My Three “Can’t Wait To Visit” Black Bookstores In 2023
Three years ago, during the height of the pandemic, I set an ambitious goal of visiting 2020 bookstores by 2030. Among those on my list are a number of stores that focus on Black oriented themes and authors.
In celebration of Black History Month, here are three that I’ve deemed a must visit in 2023.
Mahogany Books (Washington D.C. and Oxen Hills, MD)
Mahogany Books has generated quite a bit of attention in the D.C. area and nationwide with its focus on books by and about the African Diaspora. Established in 2007 as an online store by husband and wife duo Derrick and Ramunda Young, this Black-owned, family run independent bookstore is known for its broad selection of carefully selected books as well as high profile author events.
In 2017, the couple opened their very first physical location in Washington DC. Four years later, amid the pandemic, they opened their National Harbor location in Oxen Hills MD. The store has received extensive media attention in publications like Black Enterprise, Vanity Fair Magazine, Essence Magazine, Forbes, Oprah Magazine, TIME Magazine, Wall Street Journal, Washington Post, and many other media outlets regarding their commitment to Black books.
Harriett’s Books and Ida’s Books Philadelphia, PA and Collingswood, NJ
I’ve had the good fortune of corresponding with Jeanine Cook, founder of two iconic bookstores for those with an insatiable appetite of Black History. In fact, I featured in a very popular interview piece last year for Black Books, Black Minds.
First was Harriet’s Bookshop (named after the famed Black woman figure Harriet Tubman), which she opened in the historically white, working class Philadelphia neighborhood known as Fishtown in February of 2020. Six weeks later, the store shut down due to the pandemic. That’s when Cook went into relentless overdrive to lift the store out of this tough stretch through a direct campaign to customers and online sales. The business not only survived but began building momentum towards a major bookstore presence in the area.
In April 2021, buoyed by a GoFundMe campaign, she purchased a permanent home for Harriett’s. That same year in August, a sister store known as Ida’s Bookshop, named after the journalist and activist Ida B. Wells, was birthed a short distance away in Collingswood, New Jersey,
Cook has described Harriett’s as a “a bookshop meets an art gallery meets a monument.” Word on the street is that book selections include those from such iconic Black-women figures as Toni Morrison, Alice Walker, and Zora Neale Hurston.

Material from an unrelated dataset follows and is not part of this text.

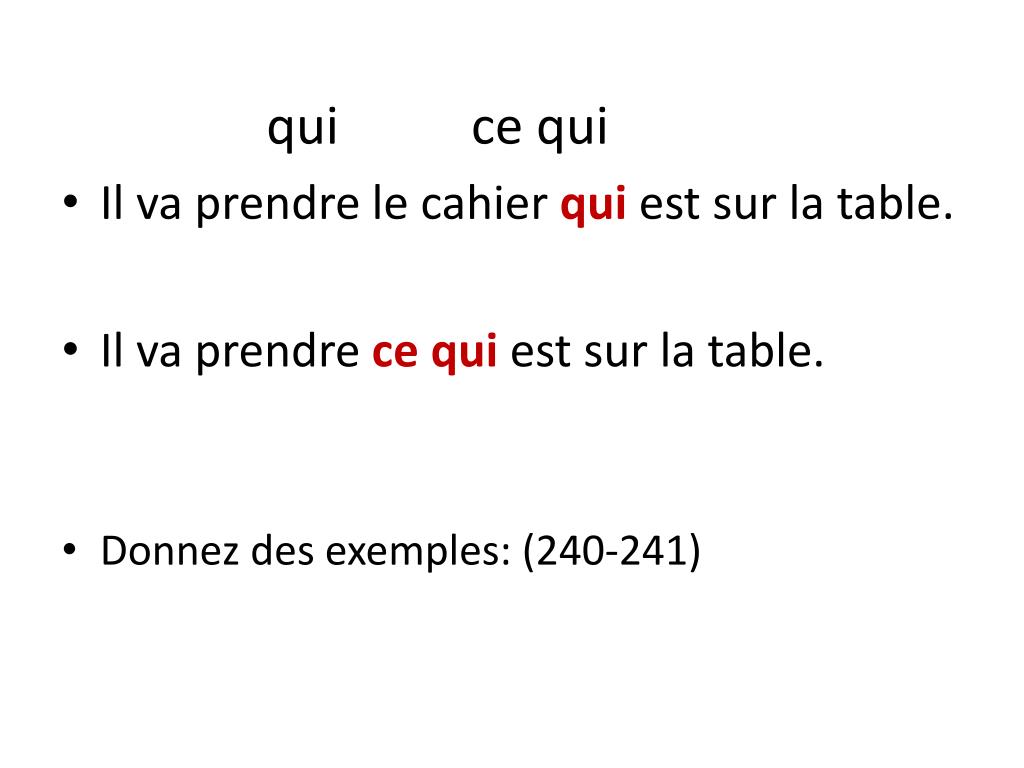 qui ce qui • Il vaprendre le cahier quiestsur la table. • Il vaprendrece qui estsur la table. • Donnez des exemples: (240-241)

Baldwin Books, New Orleans, Louisiana
New Orleans has long been a favorite place of mine to visit largely because of its jazz and blues music scene. But during my next visit, the focal point of my attention will be an excursion to Baldwin Bookstore, which has the aim of eliminating mass incarceration through reading and literacy. Along with the store opening in February of 2021, the Baldwin & Co. Foundation was established in pursuit of this cause.
The store is the brainchild of D.J Johnson who returned back to the area a few years prior after working for the FDIC in Washington, D.C. A native of the New Orleans Marigy district, he wanted to plant seeds of prosperity in his local community through the power of books.
Featuring 2,400 sq. ft. of sales space with 10,000 titles, the store according to a friend who visited last year features a striking mural of James Baldwin, the store’s namesake. The store also has a cafe with specialty espresso drinks. Upon upon hearing this, this raised my excitement around an impending visit up another notch.